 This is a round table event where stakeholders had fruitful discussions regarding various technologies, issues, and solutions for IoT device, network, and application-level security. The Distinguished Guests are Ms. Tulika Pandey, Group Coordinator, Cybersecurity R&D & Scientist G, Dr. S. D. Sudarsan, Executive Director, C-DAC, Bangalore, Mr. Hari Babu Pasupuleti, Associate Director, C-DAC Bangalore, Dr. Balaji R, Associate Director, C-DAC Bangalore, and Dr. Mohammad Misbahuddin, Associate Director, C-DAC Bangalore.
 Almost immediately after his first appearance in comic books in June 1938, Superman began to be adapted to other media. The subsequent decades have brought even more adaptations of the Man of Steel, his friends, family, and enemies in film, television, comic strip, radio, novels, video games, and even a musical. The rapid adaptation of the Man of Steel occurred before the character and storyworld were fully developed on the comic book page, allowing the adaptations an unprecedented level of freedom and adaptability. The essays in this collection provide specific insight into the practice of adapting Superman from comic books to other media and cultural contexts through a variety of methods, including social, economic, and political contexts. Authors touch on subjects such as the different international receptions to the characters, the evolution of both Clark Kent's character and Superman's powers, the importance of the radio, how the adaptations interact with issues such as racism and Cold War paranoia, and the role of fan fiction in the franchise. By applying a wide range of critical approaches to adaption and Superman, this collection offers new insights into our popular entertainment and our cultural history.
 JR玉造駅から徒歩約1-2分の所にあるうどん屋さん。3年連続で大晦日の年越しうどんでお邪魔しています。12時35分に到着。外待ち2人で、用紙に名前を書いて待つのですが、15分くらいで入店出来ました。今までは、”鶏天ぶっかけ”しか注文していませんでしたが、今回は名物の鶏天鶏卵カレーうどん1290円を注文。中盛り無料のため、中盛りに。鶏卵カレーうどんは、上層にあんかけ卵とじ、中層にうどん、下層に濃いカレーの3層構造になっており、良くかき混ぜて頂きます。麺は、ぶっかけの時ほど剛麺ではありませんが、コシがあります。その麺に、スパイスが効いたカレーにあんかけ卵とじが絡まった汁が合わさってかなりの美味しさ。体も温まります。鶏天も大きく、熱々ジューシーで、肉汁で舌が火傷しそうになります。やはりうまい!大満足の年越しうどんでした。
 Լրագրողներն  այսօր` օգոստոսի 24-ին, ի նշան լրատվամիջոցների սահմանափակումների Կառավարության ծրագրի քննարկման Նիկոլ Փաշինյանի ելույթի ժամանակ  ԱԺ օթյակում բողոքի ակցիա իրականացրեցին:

• [EXERCISE INSTRUCTIONS] Reproduce, word for word, the lines of the data from the one that contains "JR玉造駅から徒歩約1-2分" to the end, both ends included.

• [WRITTEN RESPONSE]
 JR玉造駅から徒歩約1-2分の所にあるうどん屋さん。3年連続で大晦日の年越しうどんでお邪魔しています。12時35分に到着。外待ち2人で、用紙に名前を書いて待つのですが、15分くらいで入店出来ました。今までは、”鶏天ぶっかけ”しか注文していませんでしたが、今回は名物の鶏天鶏卵カレーうどん1290円を注文。中盛り無料のため、中盛りに。鶏卵カレーうどんは、上層にあんかけ卵とじ、中層にうどん、下層に濃いカレーの3層構造になっており、良くかき混ぜて頂きます。麺は、ぶっかけの時ほど剛麺ではありませんが、コシがあります。その麺に、スパイスが効いたカレーにあんかけ卵とじが絡まった汁が合わさってかなりの美味しさ。体も温まります。鶏天も大きく、熱々ジューシーで、肉汁で舌が火傷しそうになります。やはりうまい!大満足の年越しうどんでした。
 Լրագրողներն  այսօր` օգոստոսի 24-ին, ի նշան լրատվամիջոցների սահմանափակումների Կառավարության ծրագրի քննարկման Նիկոլ Փաշինյանի ելույթի ժամանակ  ԱԺ օթյակում բողոքի ակցիա իրականացրեցին:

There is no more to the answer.